RECORD SET below:
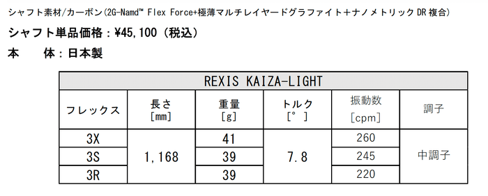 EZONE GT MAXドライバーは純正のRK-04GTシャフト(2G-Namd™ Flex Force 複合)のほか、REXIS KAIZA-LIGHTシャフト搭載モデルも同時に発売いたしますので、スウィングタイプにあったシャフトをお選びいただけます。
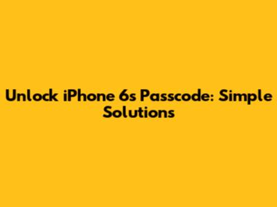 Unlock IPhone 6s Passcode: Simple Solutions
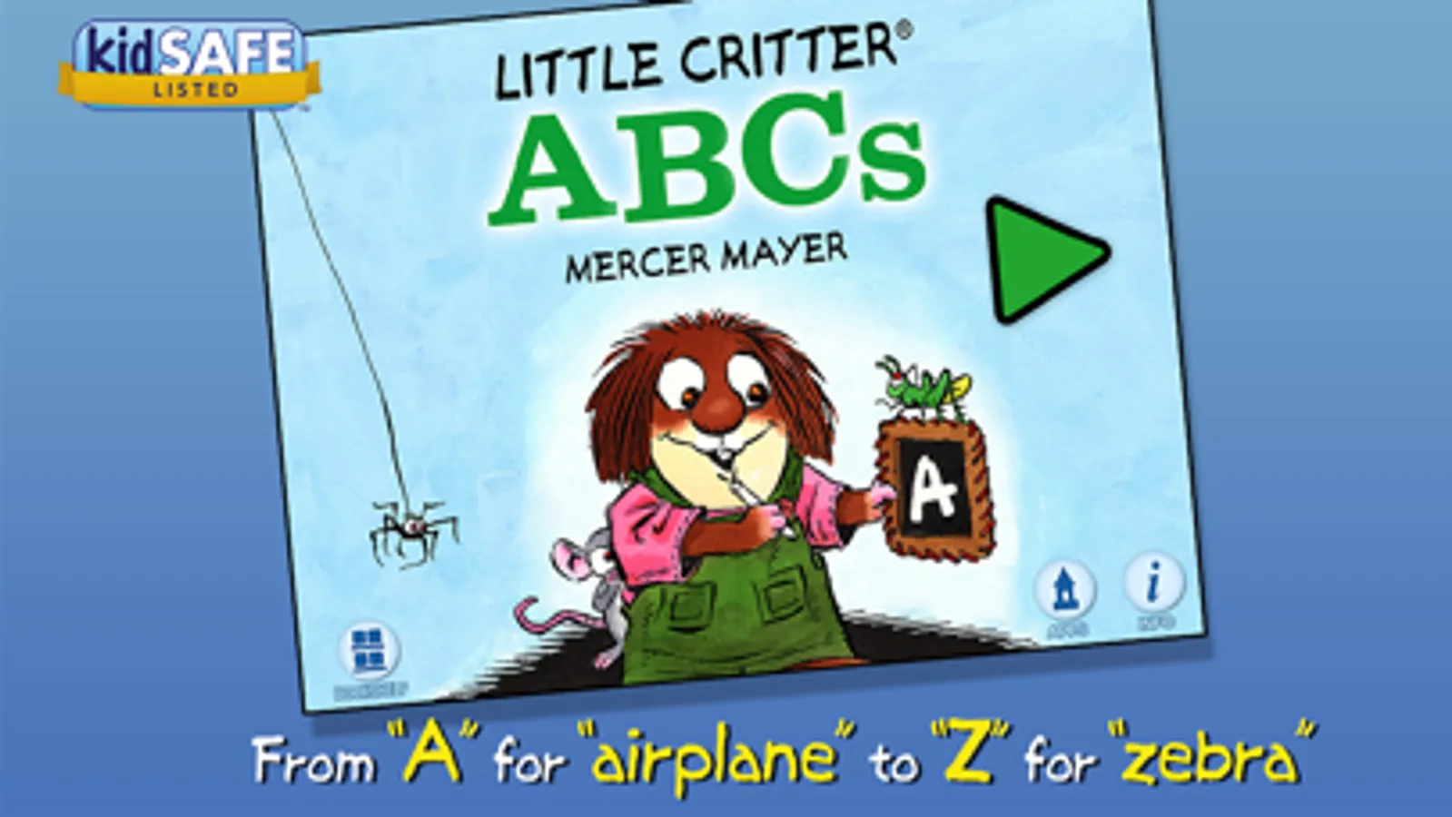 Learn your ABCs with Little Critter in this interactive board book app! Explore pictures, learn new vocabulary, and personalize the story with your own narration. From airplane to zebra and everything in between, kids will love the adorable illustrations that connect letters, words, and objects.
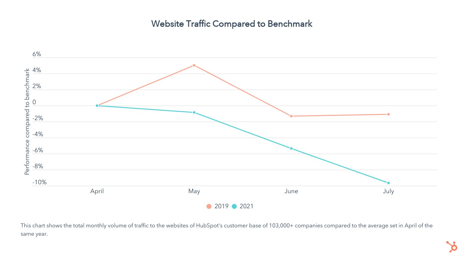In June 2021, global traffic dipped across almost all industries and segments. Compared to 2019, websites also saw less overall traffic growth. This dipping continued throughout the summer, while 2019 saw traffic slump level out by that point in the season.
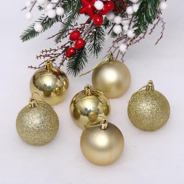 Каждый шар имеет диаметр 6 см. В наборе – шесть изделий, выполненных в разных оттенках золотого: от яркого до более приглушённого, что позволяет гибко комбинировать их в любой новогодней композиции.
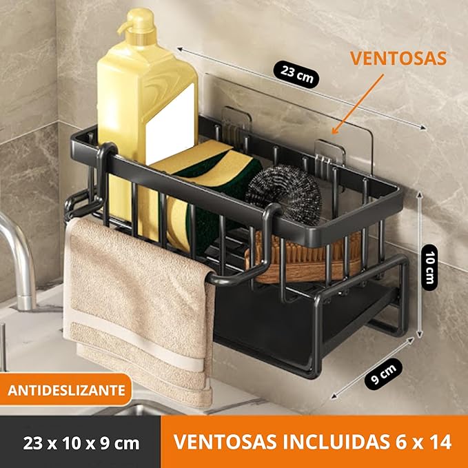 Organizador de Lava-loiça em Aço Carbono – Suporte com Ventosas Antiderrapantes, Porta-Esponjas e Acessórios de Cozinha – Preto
End of RECORD SET.
Write the listing out in full, exactly; no images.

 EZONE GT MAXドライバーは純正のRK-04GTシャフト(2G-Namd™ Flex Force 複合)のほか、REXIS KAIZA-LIGHTシャフト搭載モデルも同時に発売いたしますので、スウィングタイプにあったシャフトをお選びいただけます。
 Unlock IPhone 6s Passcode: Simple Solutions
 Learn your ABCs with Little Critter in this interactive board book app! Explore pictures, learn new vocabulary, and personalize the story with your own narration. From airplane to zebra and everything in between, kids will love the adorable illustrations that connect letters, words, and objects.
In June 2021, global traffic dipped across almost all industries and segments. Compared to 2019, websites also saw less overall traffic growth. This dipping continued throughout the summer, while 2019 saw traffic slump level out by that point in the season.
 Каждый шар имеет диаметр 6 см. В наборе – шесть изделий, выполненных в разных оттенках золотого: от яркого до более приглушённого, что позволяет гибко комбинировать их в любой новогодней композиции.
 Organizador de Lava-loiça em Aço Carbono – Suporte com Ventosas Antiderrapantes, Porta-Esponjas e Acessórios de Cozinha – Preto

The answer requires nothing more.